Operations consisting of multiple steps of applying the same cipher - in either direction - with each step taking the output of the last is often an attempt to increase the effective key length when using a cipher with a short key[0] (such as DES, which uses 7-byte keys, too short for real security today). For example, in 3DES (DES with three steps), the effective key security is 112 bits instead of 56, and a single Encrypt operation consists of encrypting the input with K1, then decrypting the result with K2, then encrypting the second result with K3 (which is sometimes the same as K1, as here). The Decrypt operation is the reverse: decrypt the ciphertext with K3, then encrypt the result with K2, then decrypt the second result with K1 to get the original input again.[1]

If you encrypt and then decrypt with the same key (or indeed decrypt and then encrypt with the same key) - such as if K2 were the same as either K1 or K3 - the result is effectively a no-op. You have to do something with the intermediate value - such as encrypt or decrypt it with a different key - for all that computation to have any actual effect at all.

What's the difference between this scheme and a scheme like: encrypt(with K1)->encrypt(with K2)->encrypt(with K1) which seems more logical?

As far as I know (not a cryptographer, though): it doesn't matter. Triple-DES (a.k.a. 3DES and TDEA) did it that way, but Wikipedia implies that the reason is just so that "keying schedule 3" produces identical output to single DES (which is, frankly, a questionable reason to do something). As far as I can tell, it could have been E-E-E/D-D-D instead of E-D-E/D-E-D without impacting the security (but an actual cryptographer may know better than me).

The use of three or more steps in general helps mitigate meet-in-the-middle attacks, which allow recovering the encryption key of a multiply-wrapped encryption scheme much faster (though with much more data needed) than naively brute-forcing the whole combined key. In effect, you break the total key into two pieces and brute force each individually; for short keys like DES this is viable and means a two-step scheme like E-E or E-D, even with two full completely independent DES keys, would be only slightly more secure than a single DES operation with a single key. Note that even three-or-more-step constructions are vulnerable to meet-in-the-middle, but you do get some meaningful increase in key strength (for example, 3DES with 168 bits of independent key material is considered to have only 112 bits of effective key strength; that's a worse ratio than most symmetric ciphers but still MUCH better than the 56 bit strength of single DES though, without needing to invent a whole new cipher[2]).

Meet-in-the-middle attacks do require having a plaintext-ciphertext pair available (you can't use them to decrypt something if you don't have any way to see a plaintext and its associated ciphertext with the same key, though of course if you do have such a pair you can use the recovered key to decrypt any other ciphertext encrypted with that key), but for a MAC it's catastrophic; the MAC is the ciphertext (so an attacker would always have a known plaintext+ciphertext pair) and key recovery would completely negate the point of the MAC (the attacker could tamper with the plaintext and then re-generate the MAC such that it appears authentic).
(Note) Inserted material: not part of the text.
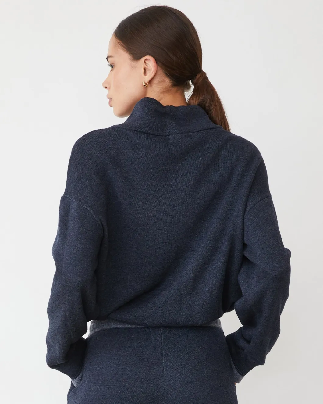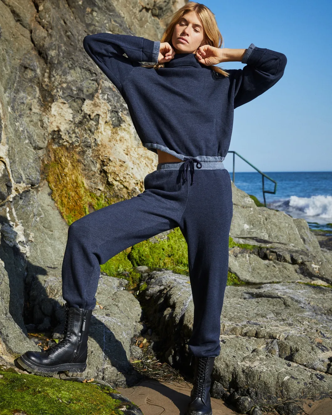 • Funnel neckline and drawstring at the bottom hem for an adjustable, cocoon-like feel • Dropped shoulder and oversized fit • Slightly cropped design

[0] It can also be a way to handle multi-party encryption, where a ciphertext is created by multiple parties each with their own key, and it can't be decrypted without each party's key again. There are other ways to achieve that, though, and since the same party presumably has both K1 and K2, that's not what's going on here.

[1] This implies an interesting fact: in most symmetric ciphers, the choice of "encrypt" and "decrypt" algorithms are merely conventions, and it would be equally secure to invert them. For example, you could encrypt with DES' or AES' or XChaCha20's "decrypt" operation, and encrypt with the "decrypt" operation (caveat: I'm not sure if this applies in all modes of operation, though I didn't immediately think of any where it wouldn't as long as you did it within the mode rather than inverting the "encrypt" and "decrypt" steps of the whole mode). In fact, for stream ciphers like [X]ChaCha20, the "encrypt" and "decrypt" operation are literally the same thing! You can take an input, "decrypt" twice with the same key, and you'll get the same input back again (or "decrypt" it seven times, and get the same result as if you'd "encrypted" it three times).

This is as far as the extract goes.